By analyzing existing cross correlation between Synchrony Financial and KYN Capital Group, you can compare the effects of market volatilities on Synchrony Financial and KYN Capital and check how they will diversify away market risk if combined in the same portfolio for a given time horizon. You can also utilize pair trading strategies of matching a long position in Synchrony Financial with a short position of KYN Capital. Check out your portfolio center. Please also check ongoing floating volatility patterns of Synchrony Financial and KYN Capital.

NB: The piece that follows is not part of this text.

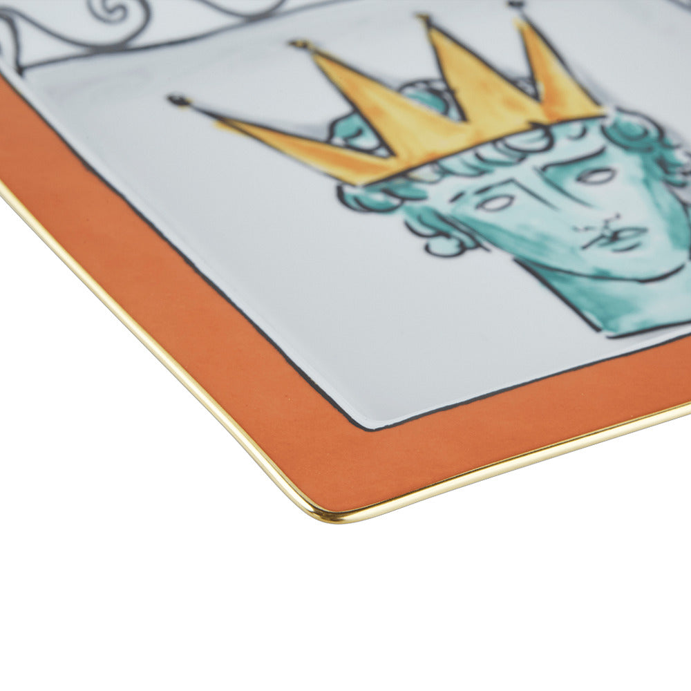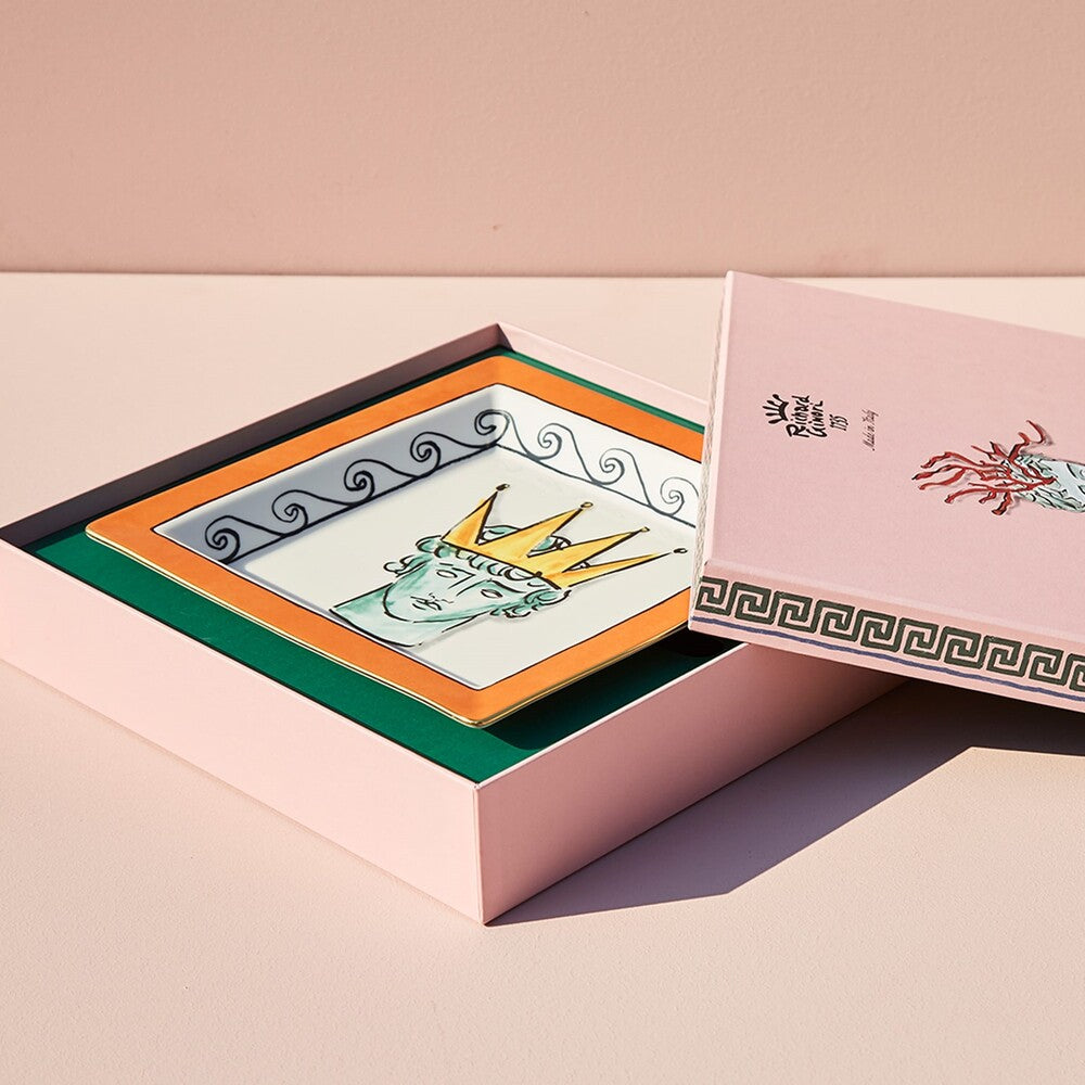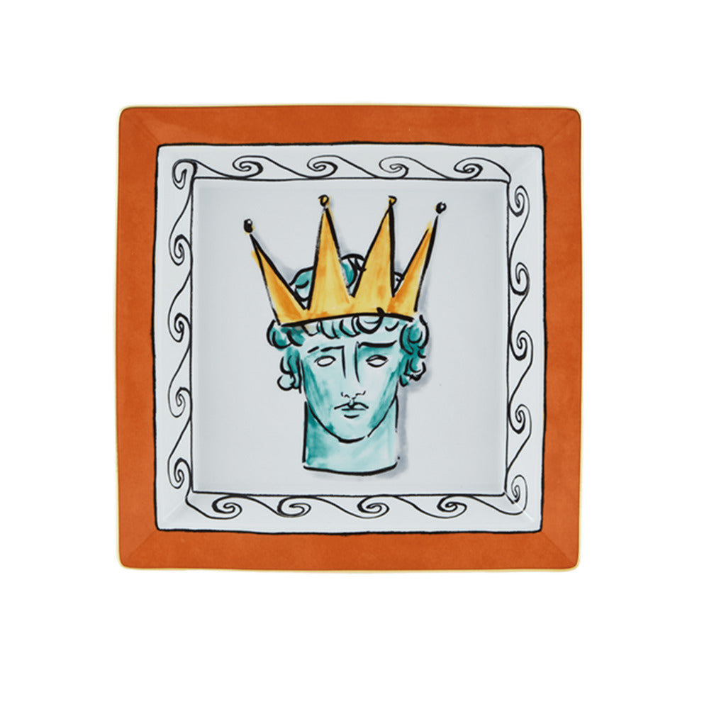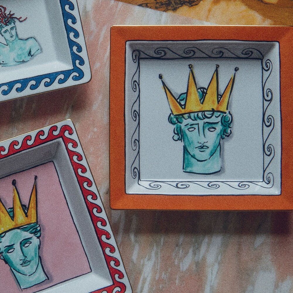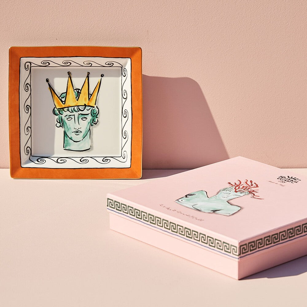 Svuotatasche quadrato della collezione Il Viaggio di Nettuno Rock Orange di Richard Ginori, realizzato in pura porcellana, dipinto a mano.

Diversification Opportunities for Synchrony Financial and KYN Capital

-0.54
  Correlation Coefficient

Excellent diversification

The 3 months correlation between Synchrony and KYN is -0.54. Overlapping area represents the amount of risk that can be diversified away by holding Synchrony Financial and KYN Capital Group in the same portfolio, assuming nothing else is changed. The correlation between historical prices or returns on KYN Capital Group and Synchrony Financial is a relative statistical measure of the degree to which these equity instruments tend to move together. The correlation coefficient measures the extent to which returns on Synchrony Financial are associated (or correlated) with KYN Capital. Values of the correlation coefficient range from -1 to +1, where. The correlation of zero (0) is possible when the price movement of KYN Capital Group has no effect on the direction of Synchrony Financial i.e., Synchrony Financial and KYN Capital go up and down completely randomly.

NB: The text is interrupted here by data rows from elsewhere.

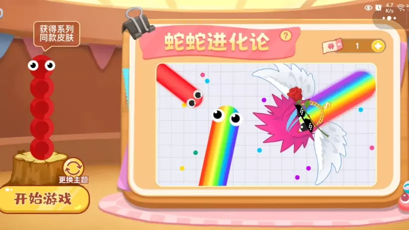 这是《贪吃蛇大作战》的新模式游戏实况,展示了蛇蛇进化论等新模式玩法,还有贪吃蛇成长进化、对战的游戏过程,当前红色贪吃蛇长度1428,正朝着进化为白银·玻璃蛇红宝的目标前进。
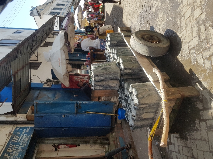 This image depicts a bustling outdoor street market scene in the Makadara/Mji Wa Kale ward, Kenya, under clear daylight. In the foreground, a robust wooden handcart with two worn rubber tires is positioned slightly left of center, laden with approximately thirty grey, rectangular plastic jerrycans, stacked three layers high and appearing dusty. A natural wood handle, secured with yellow strapping, extends from the cart towards the bottom left. The street is paved with grey interlocking bricks, showing multiple damp patches, indicating the presence of water. In the midground, to the left, a building with a blue facade features large, partially open blue metal doors. A red fire extinguisher is mounted on the wall to the left of these doors. Above the doors, a partially visible sign reads "ERS IN," followed by "BEDSHEETS, DOOR MAT, CURTAIN HOLDERS, RINGS & PILLOWS." A person's lower legs and feet, wearing sandals, are visible on a step near the blue doors. A blue bucket and a yellow pole rest against the building. Under a corrugated metal awning, a dark-skinned individual wearing a dark shirt is seated behind a market stall, tending to numerous small green bottles or containers. To their right, another vendor, wearing a white t-shirt and patterned shorts, stands with their back to the viewer, managing items on a stall beneath a large white market umbrella. Further down the street, multiple individuals are discernible amidst additional market stalls, each shaded by white umbrellas, indicating ongoing commercial activity. Buildings with white facades and traditional architecture, including one with a decorative pediment, line the street in the background under a bright blue sky. No direct personal interactions are clearly depicted.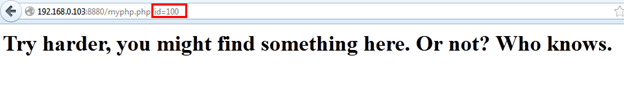 After spidering the application, we now have some internal URLs for the application. We can see some PHP files over there. The upload.php file is used for file upload functionality, but what is that myphp.php file? Let's find out what is hidden in that page. Open the URL in the browser and add an id parameter with some integer value. For example, we added id=100 and the URL looks like this: http://192.168.0.103:8880/myphp?id=100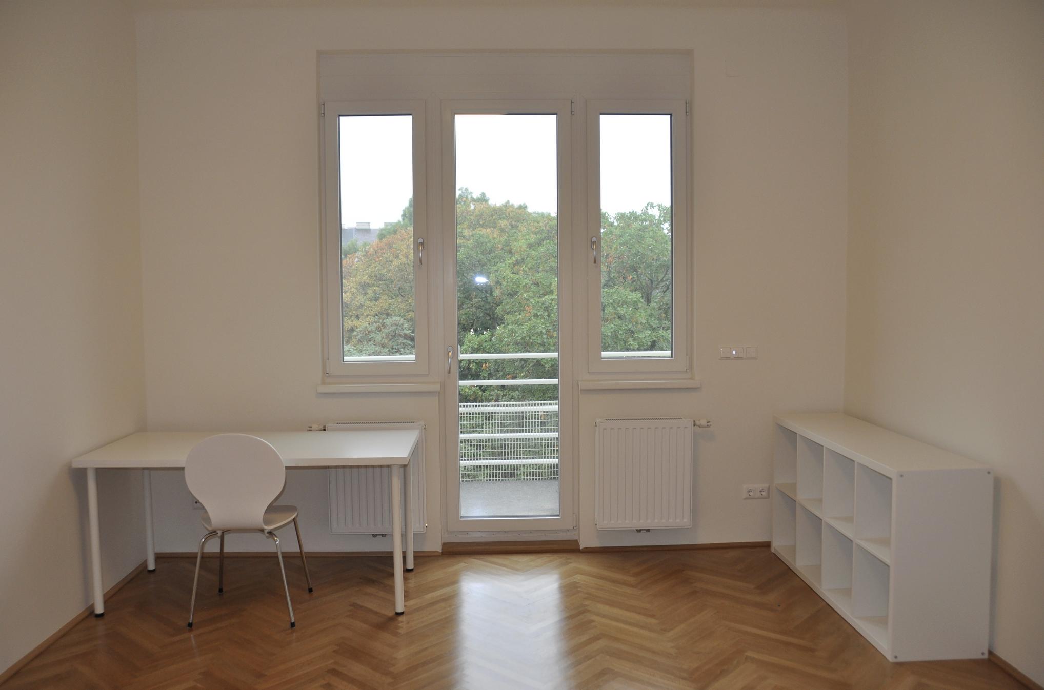20 m² großes, möbliertes Zimmer mit Balkon zum Park, westseitig, LAN-Anschluss, TV-Anschluss; alle Fenster mit Rollläden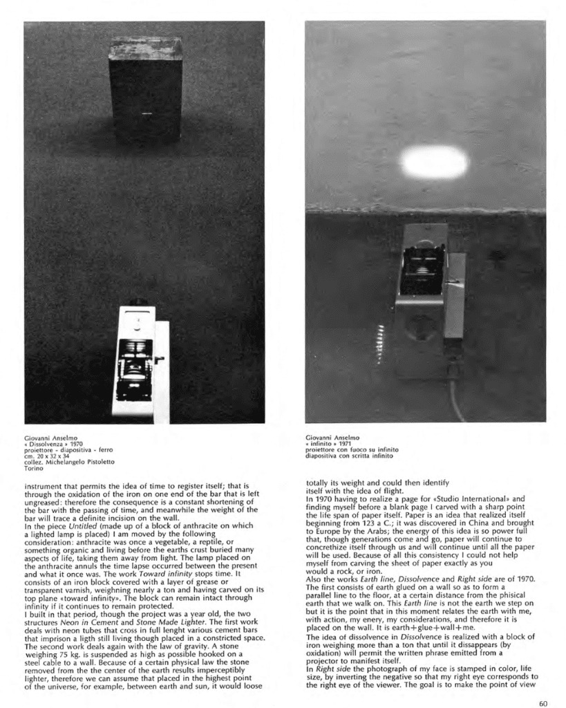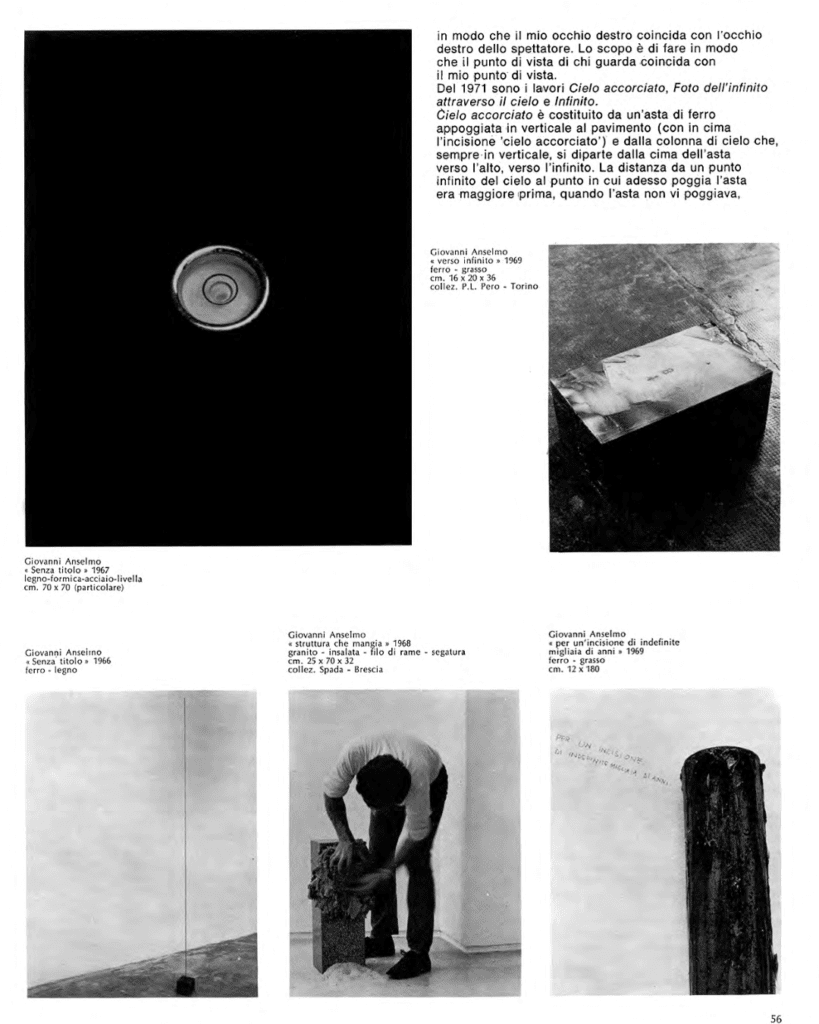 presenting works that immediately signaled his unconventional approach to materials and form. These early exhibitions launched Anselmo’s public career and aligned him with a generation of young Italian artists who were forging a new artistic movement.

Pair Corralation between Synchrony Financial and KYN Capital

Considering the 90-day investment horizon Synchrony Financial is expected to generate 0.59 times more return on investment than KYN Capital. However, Synchrony Financial is 1.69 times less risky than KYN Capital. It trades about 0.2 of its potential returns per unit of risk. KYN Capital Group is currently generating about -0.04 per unit of risk. If you would invest  5,653  in Synchrony Financial on August 27, 2024 and sell it today you would earn a total of  1,051  from holding Synchrony Financial or generate 18.59% return on investment over 90 days.
Time Period3 Months [change]
DirectionMoves Against 
StrengthVery Weak
Accuracy100.0%
ValuesDaily Returns

Synchrony Financial  vs.  KYN Capital Group

 Performance 
       Timeline  
Synchrony Financial 

Risk-Adjusted Performance

13 of 100

 
Weak
 
Strong
Good
Compared to the overall equity markets, risk-adjusted returns on investments in Synchrony Financial are ranked lower than 13 (%) of all global equities and portfolios over the last 90 days. Despite nearly fragile basic indicators, Synchrony Financial reported solid returns over the last few months and may actually be approaching a breakup point.
KYN Capital Group 

Risk-Adjusted Performance

0 of 100

 
Weak
 
Strong
Very Weak
Over the last 90 days KYN Capital Group has generated negative risk-adjusted returns adding no value to investors with long positions. In spite of latest weak performance, the Stock's basic indicators remain sound and the latest tumult on Wall Street may also be a sign of longer-term gains for the firm shareholders.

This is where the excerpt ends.